In terms of RSA reactivity, there were no significant bivariate relationships between Time 1 reactivity variables and Time 1 or Time 2 PTSD symptoms. The only significant relationship between Time 2 reactivity and Time 2 PTSD symptoms was for reactivity during the joy video (r = −0.44, p = 0.03).
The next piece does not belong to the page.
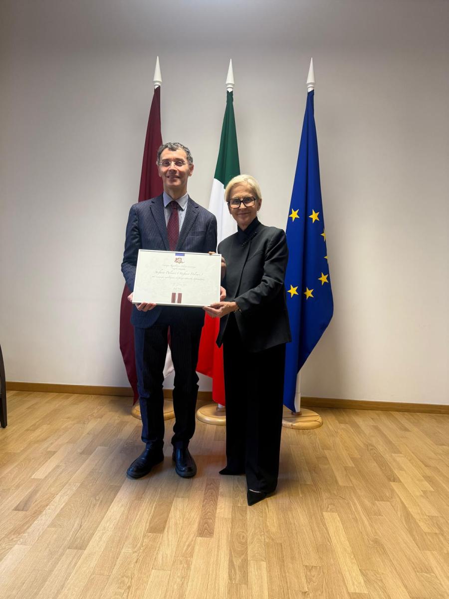 L’onorificenza è stata consegnata da Elita Gavele, Ambasciatrice della Lettonia a Roma, alla presenza di rappresentanti del mondo accademico, diplomatici e membri della comunità lettone.

Time 1 neutral RSA level predicting Time 2 PTSD symptoms
To test the first hypothesis, a multiple linear regression was conducted with Time 1 neutral RSA level predicting Time 2 PTSD symptoms, controlling for Time 2 neutral RSA level, as well as Time 1 age and PTSD symptoms. The full model including all predictors explained 51% of variance in Time 2 PTSD symptoms (R squared = 0.51, SE = 0.15, z = 3.37, p = .001; Adjusted R squared = 0.45). Results presented in Table 3 show Time 1 neutral RSA level was a significant predictor (β = −0.38, z = −2.21, p = .027) of Time 2 PTSD symptoms, such that lower neutral RSA level was related to higher PTSD symptoms. The relationship between Time 1 neutral RSA level and Time 2 PTSD symptoms is depicted in Figure 1.
Table 3.
Results from a Multiple Linear Regression of Neutral RSA Level Predicting Time 2 PTSD Symptoms
| Variable | B | SE B | β | z | p |
|---|---|---|---|---|---|
| Time 1 age | 0.48 | 0.70 | .12 | 0.68 | .500 |
| Time 1 PTSD symptoms | 0.57 | 0.15 | .62 | 3.84 | <.001 |
| Time 1 neutral RSA level | −2.01 | 0.91 | −.38 | −2.21 | .027 |
| Time 2 neutral RSA level | 0.73 | 1.44 | .13 | 0.51 | .613 |
Note. PTSD = posttraumatic stress disorder; RSA = respiratory sinus arrhythmia.
Figure 1.
Graph depicting the relationship between Time 1 respiratory sinus arrhythmia (RSA) level during the neutral condition (natural log transformed) and Time 2 joint-reported posttraumatic stress disorder (PTSD) symptoms.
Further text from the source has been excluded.